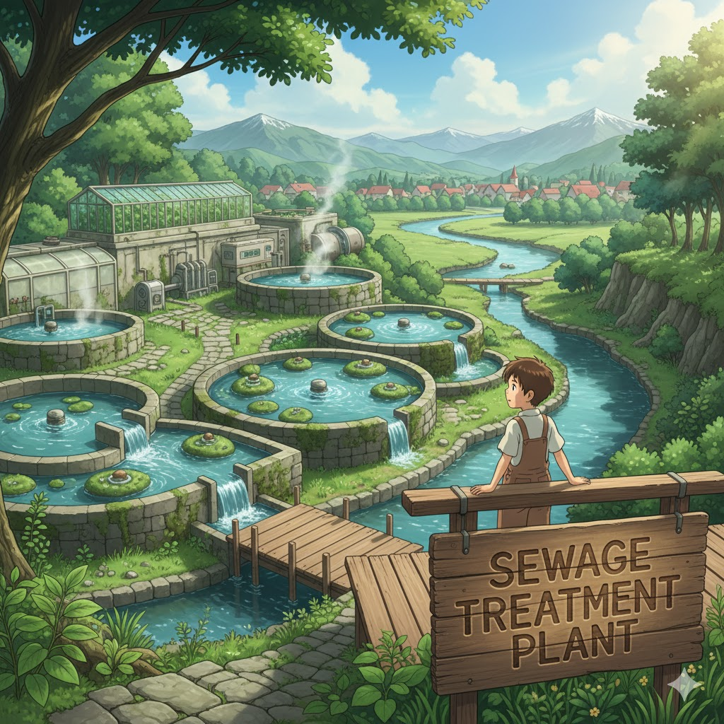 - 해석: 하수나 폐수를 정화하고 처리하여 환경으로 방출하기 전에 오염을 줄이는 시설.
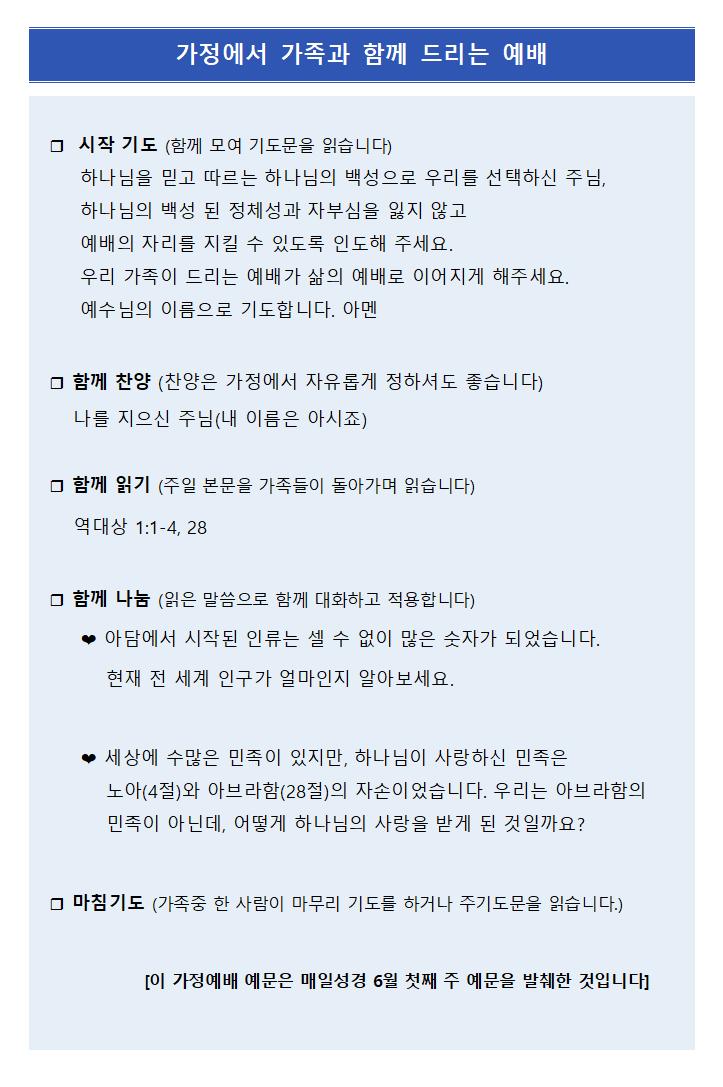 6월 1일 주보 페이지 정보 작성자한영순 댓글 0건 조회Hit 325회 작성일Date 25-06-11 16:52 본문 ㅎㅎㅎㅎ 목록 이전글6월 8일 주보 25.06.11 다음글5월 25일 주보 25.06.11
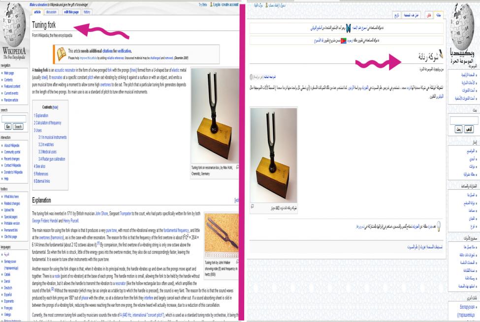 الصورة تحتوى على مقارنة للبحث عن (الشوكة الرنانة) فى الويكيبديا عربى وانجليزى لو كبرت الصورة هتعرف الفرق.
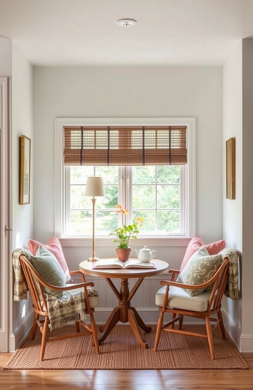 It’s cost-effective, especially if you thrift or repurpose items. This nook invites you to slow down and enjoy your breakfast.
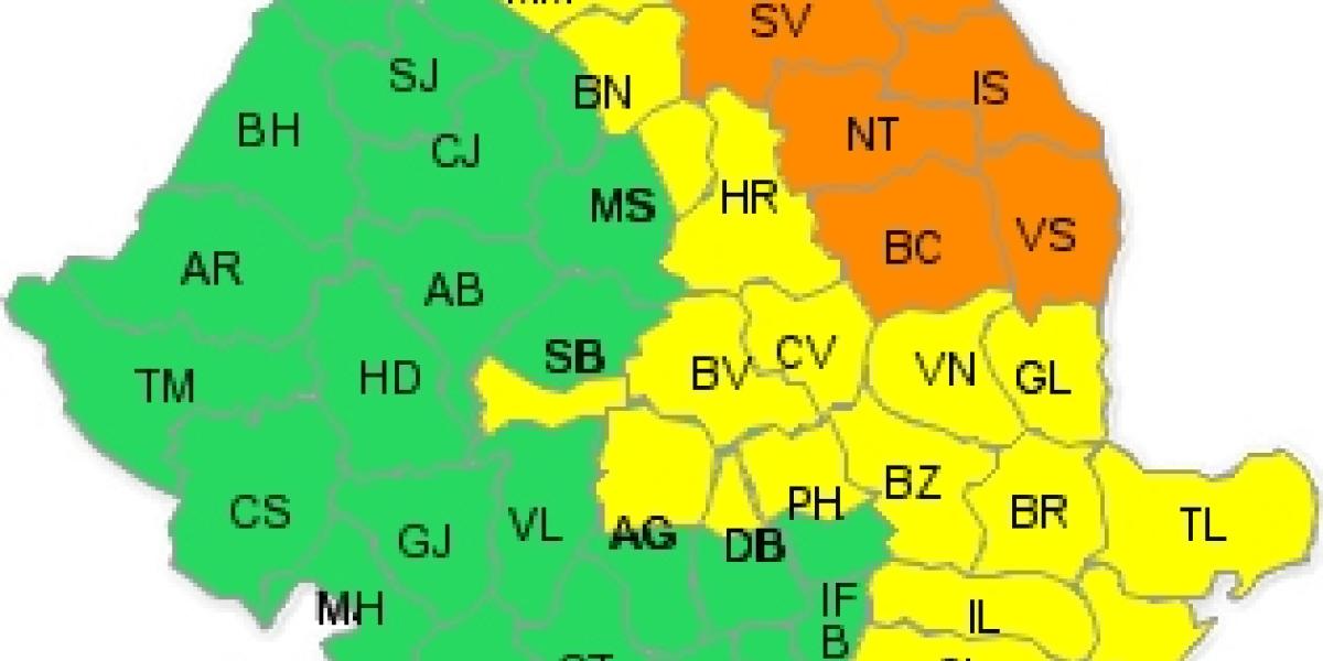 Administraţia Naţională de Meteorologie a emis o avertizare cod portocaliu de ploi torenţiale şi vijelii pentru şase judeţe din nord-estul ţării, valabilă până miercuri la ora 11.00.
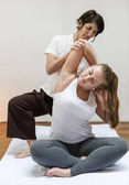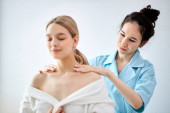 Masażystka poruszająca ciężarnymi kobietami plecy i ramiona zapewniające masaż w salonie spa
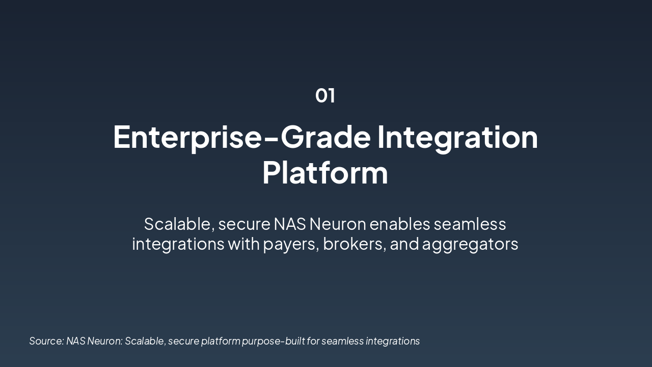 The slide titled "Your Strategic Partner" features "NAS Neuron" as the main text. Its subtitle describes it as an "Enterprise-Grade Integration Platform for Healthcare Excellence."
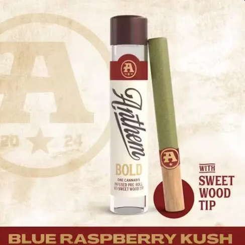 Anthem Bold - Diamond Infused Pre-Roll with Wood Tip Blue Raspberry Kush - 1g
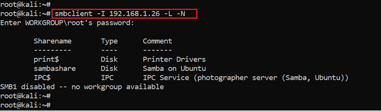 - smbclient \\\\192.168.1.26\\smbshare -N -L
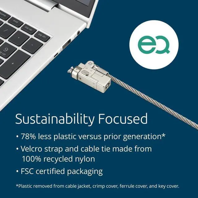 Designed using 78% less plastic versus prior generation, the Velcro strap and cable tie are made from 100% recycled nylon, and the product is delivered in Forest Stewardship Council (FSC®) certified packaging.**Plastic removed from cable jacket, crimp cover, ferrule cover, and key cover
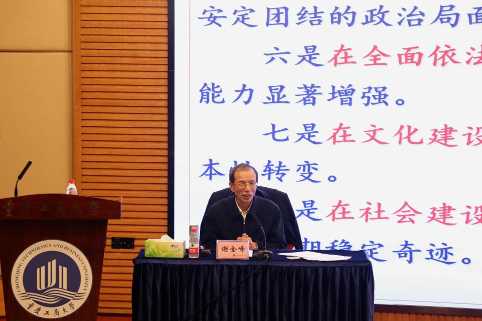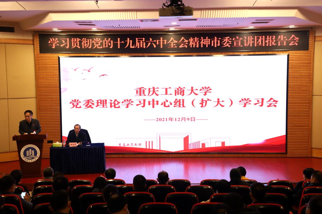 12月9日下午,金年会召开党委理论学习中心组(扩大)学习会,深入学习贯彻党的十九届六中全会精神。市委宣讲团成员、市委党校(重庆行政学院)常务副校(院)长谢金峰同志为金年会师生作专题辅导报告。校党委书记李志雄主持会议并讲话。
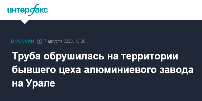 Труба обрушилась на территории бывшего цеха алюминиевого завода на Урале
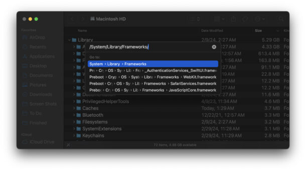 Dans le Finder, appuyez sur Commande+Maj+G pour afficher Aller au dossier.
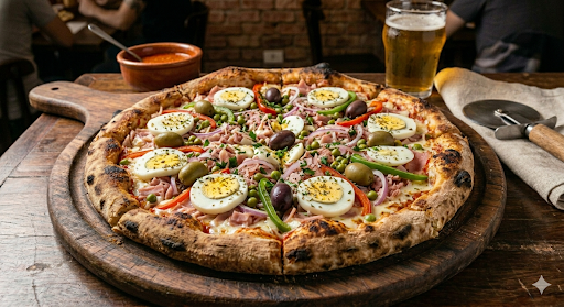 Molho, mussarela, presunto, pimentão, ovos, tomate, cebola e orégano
____________________
▶ [TASK OBJECTIVE] Drop the images, then copy the data exactly.

▶ [RESULT OF THE TASK]
 - 해석: 하수나 폐수를 정화하고 처리하여 환경으로 방출하기 전에 오염을 줄이는 시설.
 6월 1일 주보 페이지 정보 작성자한영순 댓글 0건 조회Hit 325회 작성일Date 25-06-11 16:52 본문 ㅎㅎㅎㅎ 목록 이전글6월 8일 주보 25.06.11 다음글5월 25일 주보 25.06.11
 الصورة تحتوى على مقارنة للبحث عن (الشوكة الرنانة) فى الويكيبديا عربى وانجليزى لو كبرت الصورة هتعرف الفرق.
 It’s cost-effective, especially if you thrift or repurpose items. This nook invites you to slow down and enjoy your breakfast.
 Administraţia Naţională de Meteorologie a emis o avertizare cod portocaliu de ploi torenţiale şi vijelii pentru şase judeţe din nord-estul ţării, valabilă până miercuri la ora 11.00.
 Masażystka poruszająca ciężarnymi kobietami plecy i ramiona zapewniające masaż w salonie spa
 The slide titled "Your Strategic Partner" features "NAS Neuron" as the main text. Its subtitle describes it as an "Enterprise-Grade Integration Platform for Healthcare Excellence."
 Anthem Bold - Diamond Infused Pre-Roll with Wood Tip Blue Raspberry Kush - 1g
 - smbclient \\\\192.168.1.26\\smbshare -N -L
 Designed using 78% less plastic versus prior generation, the Velcro strap and cable tie are made from 100% recycled nylon, and the product is delivered in Forest Stewardship Council (FSC®) certified packaging.**Plastic removed from cable jacket, crimp cover, ferrule cover, and key cover
 12月9日下午,金年会召开党委理论学习中心组(扩大)学习会,深入学习贯彻党的十九届六中全会精神。市委宣讲团成员、市委党校(重庆行政学院)常务副校(院)长谢金峰同志为金年会师生作专题辅导报告。校党委书记李志雄主持会议并讲话。
 Труба обрушилась на территории бывшего цеха алюминиевого завода на Урале
 Dans le Finder, appuyez sur Commande+Maj+G pour afficher Aller au dossier.
 Molho, mussarela, presunto, pimentão, ovos, tomate, cebola e orégano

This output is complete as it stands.